◆ **WORK INSTRUCTION**: Only the lines from the beginning of the data below through the line containing "When Santa needs" belong in the response, each copied exactly.

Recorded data
^^^^^^^^^^^^^^^^

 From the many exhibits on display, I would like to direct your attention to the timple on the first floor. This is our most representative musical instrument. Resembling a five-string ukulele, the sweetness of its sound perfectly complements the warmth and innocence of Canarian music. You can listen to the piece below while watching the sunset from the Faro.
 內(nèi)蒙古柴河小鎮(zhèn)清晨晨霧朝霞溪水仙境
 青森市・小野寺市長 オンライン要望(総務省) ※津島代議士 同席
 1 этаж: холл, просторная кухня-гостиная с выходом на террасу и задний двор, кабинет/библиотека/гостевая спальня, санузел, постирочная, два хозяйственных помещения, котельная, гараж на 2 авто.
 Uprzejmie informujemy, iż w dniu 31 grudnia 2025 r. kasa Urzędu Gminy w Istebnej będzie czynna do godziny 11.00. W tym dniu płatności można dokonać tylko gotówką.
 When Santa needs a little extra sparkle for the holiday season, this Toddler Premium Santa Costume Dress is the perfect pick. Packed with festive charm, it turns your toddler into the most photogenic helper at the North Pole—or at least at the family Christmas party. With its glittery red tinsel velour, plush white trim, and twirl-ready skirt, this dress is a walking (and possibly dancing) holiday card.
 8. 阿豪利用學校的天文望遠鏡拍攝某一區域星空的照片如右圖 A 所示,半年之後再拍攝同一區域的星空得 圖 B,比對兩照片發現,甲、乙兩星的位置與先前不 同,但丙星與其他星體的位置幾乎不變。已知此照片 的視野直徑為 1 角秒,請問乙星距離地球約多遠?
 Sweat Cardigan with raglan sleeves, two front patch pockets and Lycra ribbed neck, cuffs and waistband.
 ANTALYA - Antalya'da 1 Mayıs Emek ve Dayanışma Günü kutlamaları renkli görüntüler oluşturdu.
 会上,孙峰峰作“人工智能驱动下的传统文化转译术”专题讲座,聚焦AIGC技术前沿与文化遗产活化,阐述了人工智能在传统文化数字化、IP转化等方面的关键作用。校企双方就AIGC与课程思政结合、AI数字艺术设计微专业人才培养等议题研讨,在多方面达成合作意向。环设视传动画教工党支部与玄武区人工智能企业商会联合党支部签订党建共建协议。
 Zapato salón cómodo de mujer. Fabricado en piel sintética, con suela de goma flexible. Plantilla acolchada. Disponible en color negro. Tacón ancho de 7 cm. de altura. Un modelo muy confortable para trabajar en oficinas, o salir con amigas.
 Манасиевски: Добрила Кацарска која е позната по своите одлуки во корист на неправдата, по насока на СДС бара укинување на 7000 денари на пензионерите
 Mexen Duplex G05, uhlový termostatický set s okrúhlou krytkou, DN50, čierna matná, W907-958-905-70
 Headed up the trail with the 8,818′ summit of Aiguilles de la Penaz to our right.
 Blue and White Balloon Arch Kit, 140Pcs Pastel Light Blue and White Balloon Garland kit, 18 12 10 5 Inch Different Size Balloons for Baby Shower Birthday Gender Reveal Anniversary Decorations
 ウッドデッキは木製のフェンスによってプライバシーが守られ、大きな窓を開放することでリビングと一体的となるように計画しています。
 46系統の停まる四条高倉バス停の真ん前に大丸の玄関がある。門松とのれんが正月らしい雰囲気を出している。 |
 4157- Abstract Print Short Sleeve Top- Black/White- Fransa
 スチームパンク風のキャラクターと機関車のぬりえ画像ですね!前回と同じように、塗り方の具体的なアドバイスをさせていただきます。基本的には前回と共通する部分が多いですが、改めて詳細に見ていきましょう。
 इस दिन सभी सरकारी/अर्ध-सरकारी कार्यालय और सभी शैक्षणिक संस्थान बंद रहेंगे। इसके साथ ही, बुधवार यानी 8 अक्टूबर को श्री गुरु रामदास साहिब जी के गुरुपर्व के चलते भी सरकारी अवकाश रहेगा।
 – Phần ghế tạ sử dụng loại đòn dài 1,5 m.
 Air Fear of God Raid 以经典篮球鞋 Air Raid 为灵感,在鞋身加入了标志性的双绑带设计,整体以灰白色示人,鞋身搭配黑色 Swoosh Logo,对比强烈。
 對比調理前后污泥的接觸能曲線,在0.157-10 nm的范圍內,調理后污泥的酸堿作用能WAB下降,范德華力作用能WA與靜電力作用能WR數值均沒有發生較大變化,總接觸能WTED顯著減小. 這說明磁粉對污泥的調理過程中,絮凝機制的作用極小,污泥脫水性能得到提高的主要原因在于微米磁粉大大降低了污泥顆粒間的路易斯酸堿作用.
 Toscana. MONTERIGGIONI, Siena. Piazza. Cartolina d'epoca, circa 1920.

^^^^^^^^^^^^^^^^

◆ **RESULT**:
 From the many exhibits on display, I would like to direct your attention to the timple on the first floor. This is our most representative musical instrument. Resembling a five-string ukulele, the sweetness of its sound perfectly complements the warmth and innocence of Canarian music. You can listen to the piece below while watching the sunset from the Faro.
 內(nèi)蒙古柴河小鎮(zhèn)清晨晨霧朝霞溪水仙境
 青森市・小野寺市長 オンライン要望(総務省) ※津島代議士 同席
 1 этаж: холл, просторная кухня-гостиная с выходом на террасу и задний двор, кабинет/библиотека/гостевая спальня, санузел, постирочная, два хозяйственных помещения, котельная, гараж на 2 авто.
 Uprzejmie informujemy, iż w dniu 31 grudnia 2025 r. kasa Urzędu Gminy w Istebnej będzie czynna do godziny 11.00. W tym dniu płatności można dokonać tylko gotówką.
 When Santa needs a little extra sparkle for the holiday season, this Toddler Premium Santa Costume Dress is the perfect pick. Packed with festive charm, it turns your toddler into the most photogenic helper at the North Pole—or at least at the family Christmas party. With its glittery red tinsel velour, plush white trim, and twirl-ready skirt, this dress is a walking (and possibly dancing) holiday card.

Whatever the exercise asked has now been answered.